Sample Preparation Chip for PCR Detection of Water Borne Pathogens

Illnesses due to waterborne pathogens are a substantial health risk, as seen in the E. coli O157:H7 outbreaks of 2006 that were traced to fecal contamination of fresh produce irrigation water. Additionally, there is the possibility of deliberate contamination of our water, and hence our food supply, by terrorists. However, water samples are not analyzed directly and rapidly, because sample matrices are too dirty, and because the concentration level of pathogens of interest are usually too low.
In Phase I of this USDA SBIR, we demonstrated that a pathogen (E. coli O157:H7) can be concentrated and purified from large water samples for PCR, improving the sensitivity of that subsequent analysis. Two turbulent mixing techniques were evaluated to enhance the pathogen capture.
The objective of this Phase II SBIR is to develop a flow cell product to isolate and concentrate target pathogens from large samples or continuous flow of surface and irrigation water and prepare the DNA for real-time PCR detection.

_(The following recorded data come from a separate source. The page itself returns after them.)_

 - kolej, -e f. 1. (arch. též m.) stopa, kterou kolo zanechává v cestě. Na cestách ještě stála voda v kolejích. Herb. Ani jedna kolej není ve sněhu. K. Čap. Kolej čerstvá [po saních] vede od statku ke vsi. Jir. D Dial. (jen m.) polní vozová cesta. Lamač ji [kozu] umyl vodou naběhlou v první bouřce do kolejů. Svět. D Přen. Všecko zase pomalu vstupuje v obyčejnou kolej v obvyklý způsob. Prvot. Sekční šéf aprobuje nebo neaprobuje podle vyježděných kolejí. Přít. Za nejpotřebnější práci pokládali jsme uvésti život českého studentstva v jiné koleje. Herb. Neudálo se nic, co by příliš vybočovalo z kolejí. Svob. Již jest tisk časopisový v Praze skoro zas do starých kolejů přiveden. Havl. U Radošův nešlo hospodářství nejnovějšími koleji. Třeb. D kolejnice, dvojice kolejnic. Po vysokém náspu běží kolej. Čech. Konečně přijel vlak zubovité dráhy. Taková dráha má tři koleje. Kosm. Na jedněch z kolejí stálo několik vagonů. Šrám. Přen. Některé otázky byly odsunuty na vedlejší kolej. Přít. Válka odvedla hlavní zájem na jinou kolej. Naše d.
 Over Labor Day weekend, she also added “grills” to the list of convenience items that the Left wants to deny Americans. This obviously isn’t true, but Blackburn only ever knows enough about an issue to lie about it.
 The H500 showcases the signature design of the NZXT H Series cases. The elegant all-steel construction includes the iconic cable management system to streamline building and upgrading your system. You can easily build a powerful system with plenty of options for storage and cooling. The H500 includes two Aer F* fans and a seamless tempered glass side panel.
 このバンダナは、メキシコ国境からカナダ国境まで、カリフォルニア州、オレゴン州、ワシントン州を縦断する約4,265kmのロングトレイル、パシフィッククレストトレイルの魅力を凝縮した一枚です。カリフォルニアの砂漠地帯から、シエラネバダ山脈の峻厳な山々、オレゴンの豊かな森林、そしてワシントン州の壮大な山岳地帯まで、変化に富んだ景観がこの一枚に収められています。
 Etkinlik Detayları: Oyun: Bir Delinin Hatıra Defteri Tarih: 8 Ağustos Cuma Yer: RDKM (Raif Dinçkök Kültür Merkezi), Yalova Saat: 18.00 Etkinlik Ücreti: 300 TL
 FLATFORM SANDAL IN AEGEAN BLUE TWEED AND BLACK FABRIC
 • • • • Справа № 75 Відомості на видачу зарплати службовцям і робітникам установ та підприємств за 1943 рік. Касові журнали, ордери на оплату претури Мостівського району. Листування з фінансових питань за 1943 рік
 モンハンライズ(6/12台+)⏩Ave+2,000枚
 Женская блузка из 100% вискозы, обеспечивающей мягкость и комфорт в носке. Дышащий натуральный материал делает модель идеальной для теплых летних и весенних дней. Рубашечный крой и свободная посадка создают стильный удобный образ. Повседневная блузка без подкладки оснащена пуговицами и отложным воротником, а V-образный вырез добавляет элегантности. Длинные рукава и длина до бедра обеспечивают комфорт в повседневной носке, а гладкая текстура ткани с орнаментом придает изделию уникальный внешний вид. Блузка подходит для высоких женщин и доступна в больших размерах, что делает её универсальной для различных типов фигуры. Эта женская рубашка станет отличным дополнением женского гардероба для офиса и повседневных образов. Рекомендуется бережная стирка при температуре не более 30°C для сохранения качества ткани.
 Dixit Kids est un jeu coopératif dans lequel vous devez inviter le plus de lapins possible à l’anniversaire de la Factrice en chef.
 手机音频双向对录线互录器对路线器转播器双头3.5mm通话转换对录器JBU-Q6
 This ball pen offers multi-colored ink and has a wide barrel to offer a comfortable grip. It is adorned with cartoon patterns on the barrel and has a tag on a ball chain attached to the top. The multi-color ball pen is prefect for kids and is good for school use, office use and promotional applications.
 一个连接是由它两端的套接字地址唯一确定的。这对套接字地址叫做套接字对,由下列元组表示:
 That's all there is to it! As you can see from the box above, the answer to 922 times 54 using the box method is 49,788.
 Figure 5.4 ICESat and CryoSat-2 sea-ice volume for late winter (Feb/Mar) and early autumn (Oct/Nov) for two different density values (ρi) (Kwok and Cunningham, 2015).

The effort involves development of a pathogen concentration flow cell that can handle 10-100 milliliter sample sizes to unrestricted continuous flow. We will also develop assays to utilize the features of the flow cell.
Anticipated results are flow cells that can process water sample for DNA testing of pathogenic E. coli O157:H7 and Salmonella in 1-2 hours.
Further development can expand the number of waterborne pathogens and expand the application to testing of food, drinking water, recreational water, reclaimed water, and to potential bioterrorism agents.